Let's read all the data from the netCDF file:

In [14]:
# load netcdf module
import netCDF4 as nc

# load latitude, longitude and data in python variable data
nc_file = 'cmems_obs-ins_glo_phy-temp-sal_my_cora-oa_P1M_1734384081745.nc'
with nc.Dataset(nc_file) as nc_fid:
    LATITUDE = nc_fid['latitude'][:] # print all the latitude values
    LONGITUDE = nc_fid['longitude'][:] # print all the latitude values
    TEMPERATURE = nc_fid['TEMP'][:,:] # note that it's a 2-dim variable
    SALINITY = nc_fid['PSAL'][:,:] # note that it's a 2-dim variable

print(TEMPERATURE)

[[[[-0.9125576019287109 -0.9214654564857483 -0.92674320936203 ...
    -0.9547644257545471 -0.9644861817359924 -0.9725785255432129]
   [-0.917874276638031 -0.9258949160575867 -0.9338327050209045 ...
    -0.9715983867645264 -0.9786617755889893 -0.9876413941383362]
   [-0.9257180094718933 -0.934576153755188 -0.9425758123397827 ...
    -0.9865783452987671 -0.993578314781189 -1.0034362077713013]
   ...
   [-- -- -- ... -- -- --]
   [-- -- -- ... -- -- --]
   [-- -- -- ... -- -- --]]]]


## Some statistics and plots...

In [15]:
# print global mean and standard deviation of temperature (use nanmean and nanstd to ignore NaN values)
import numpy as np
print('mean TEMPERATURE:',np.nanmean(TEMPERATURE))
print('std TEMPERATURE:',np.nanstd(TEMPERATURE))

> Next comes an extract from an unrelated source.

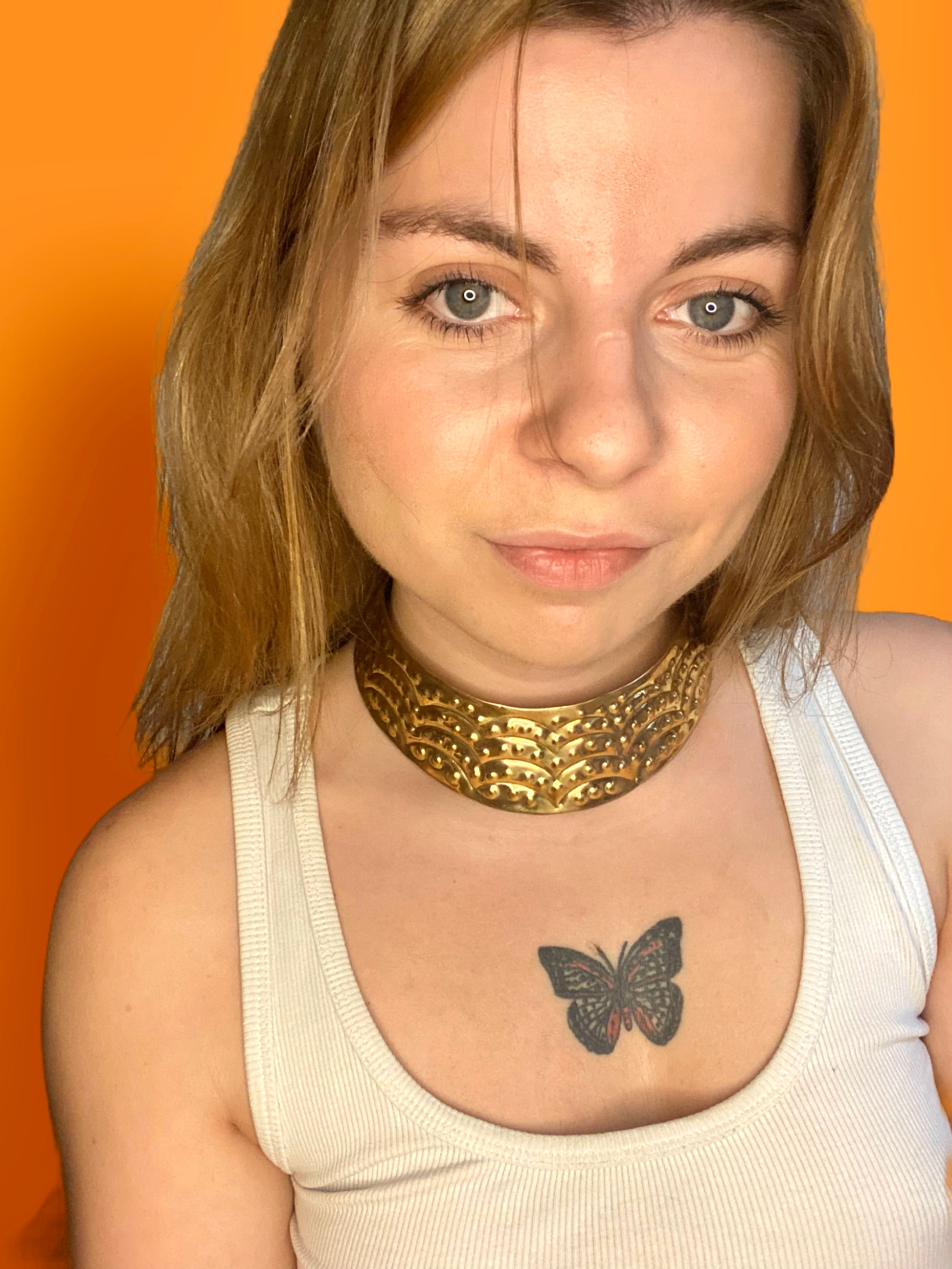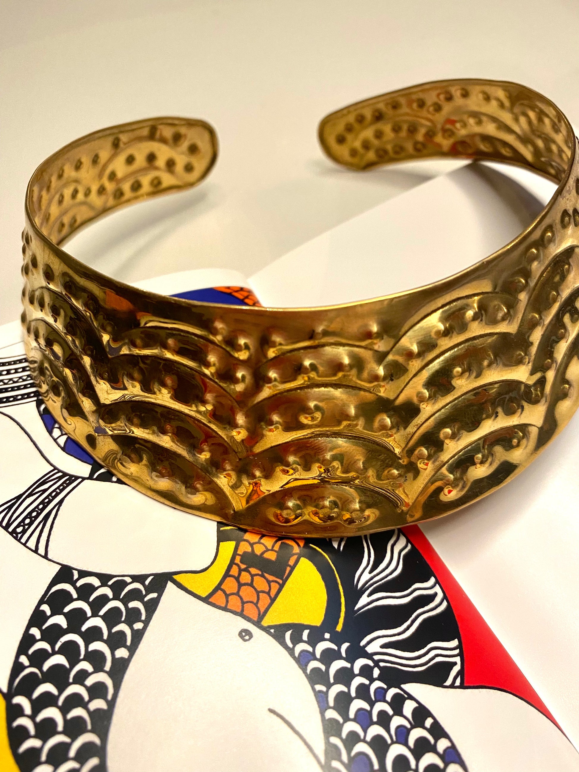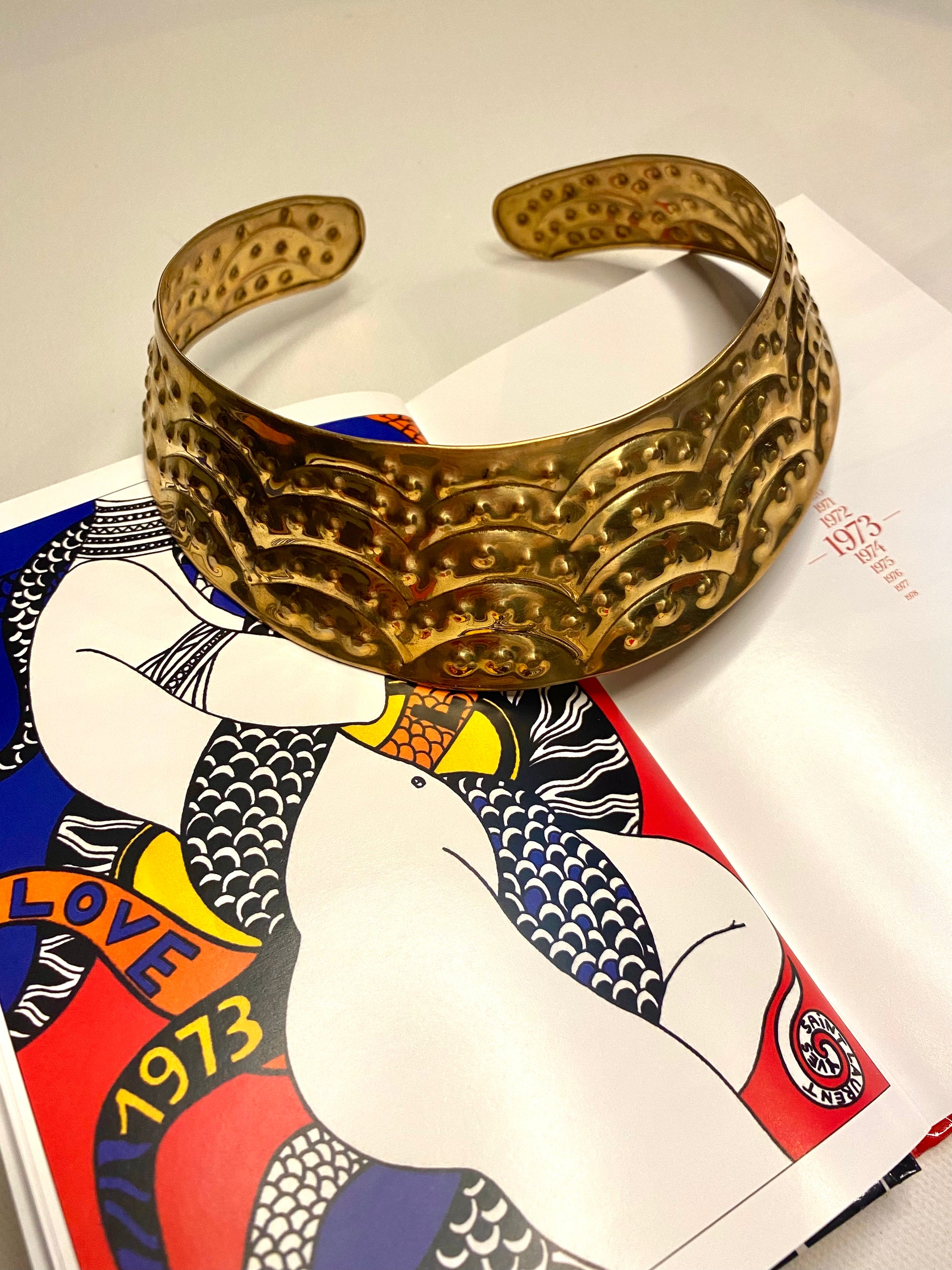 Ce sublime ras de cou est en acier doré, et extrêmement léger. Effet très élégant !

mean TEMPERATURE: 14.050055
std TEMPERATURE: 11.69037


In [16]:
# print the maximum temperature and indicate at which location the maximum temperature is reached
import numpy as np
print('max TEMPERATURE:',np.nanmax(TEMPERATURE))
index_flattened = np.nanargmax(TEMPERATURE)
index_2d = np.unravel_index(index_flattened, TEMPERATURE.shape )
print('index_flattened = ',index_flattened)
print('index_2d = ',index_2d)
print('latitude_max = ',LATITUDE[index_2d[0]])
print('longitude_max = ',LONGITUDE[index_2d[1]])

print('check that max is reached at position given by index_2d: TEMPERATURE[index_2d]=',TEMPERATURE[index_2d])

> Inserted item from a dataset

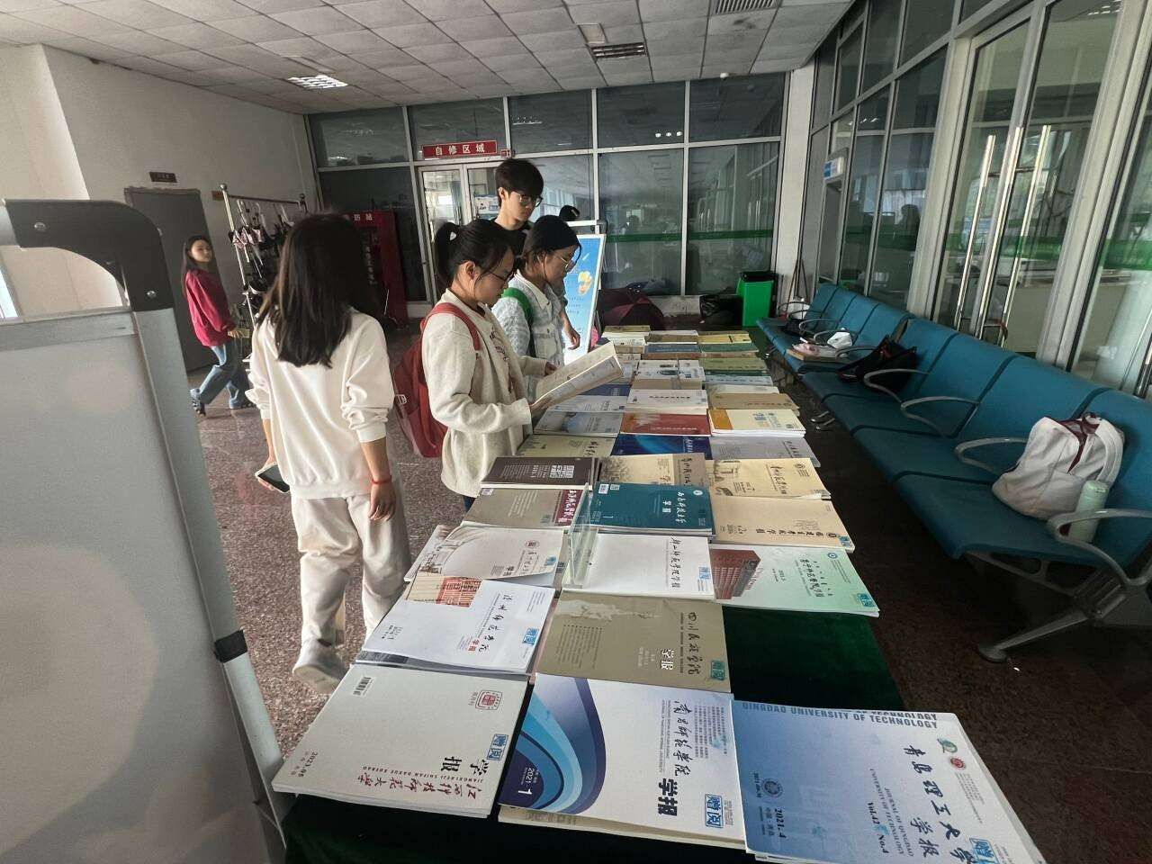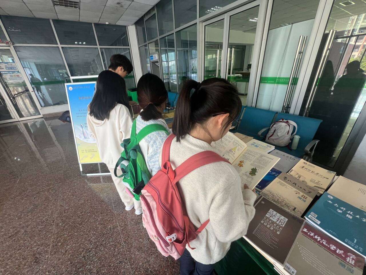 读者们纷纷驻足“漂流站”,认真挑选阅读心仪的期刊
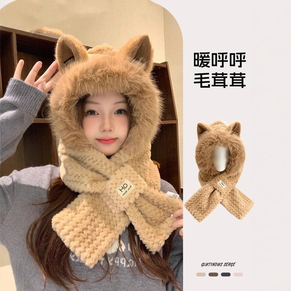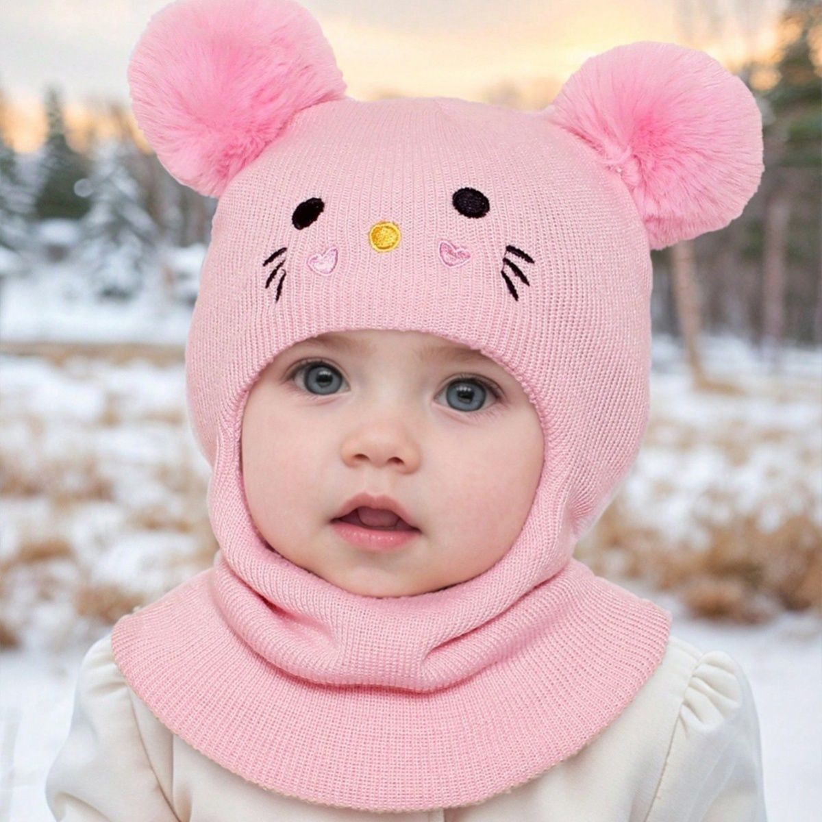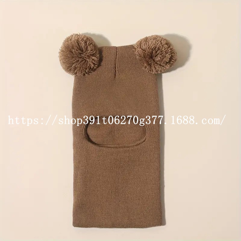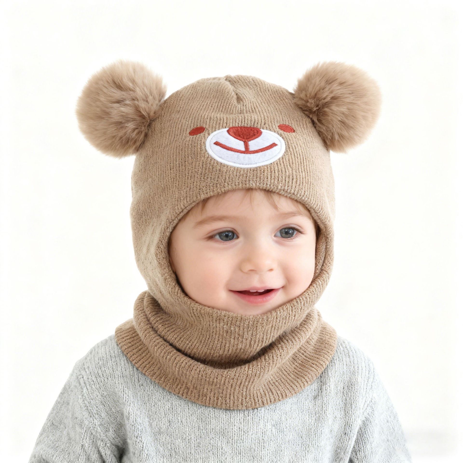 Temu热销冬季儿童帽子围脖一体加绒护耳套头帽宝宝针织小孩连体帽

max TEMPERATURE: 30.936134
index_flattened =  480131
index_2d =  (0, 0, 666, 611)
latitude_max =  -77.0
longitude_max =  -180.0
check that max is reached at position given by index_2d: TEMPERATURE[index_2d]= 30.936134


## Try it yourself

* What is the global mean surface temperature?
* Can you plot the meridional section of surface temperature at a longitude crossing the centre Baltic proper?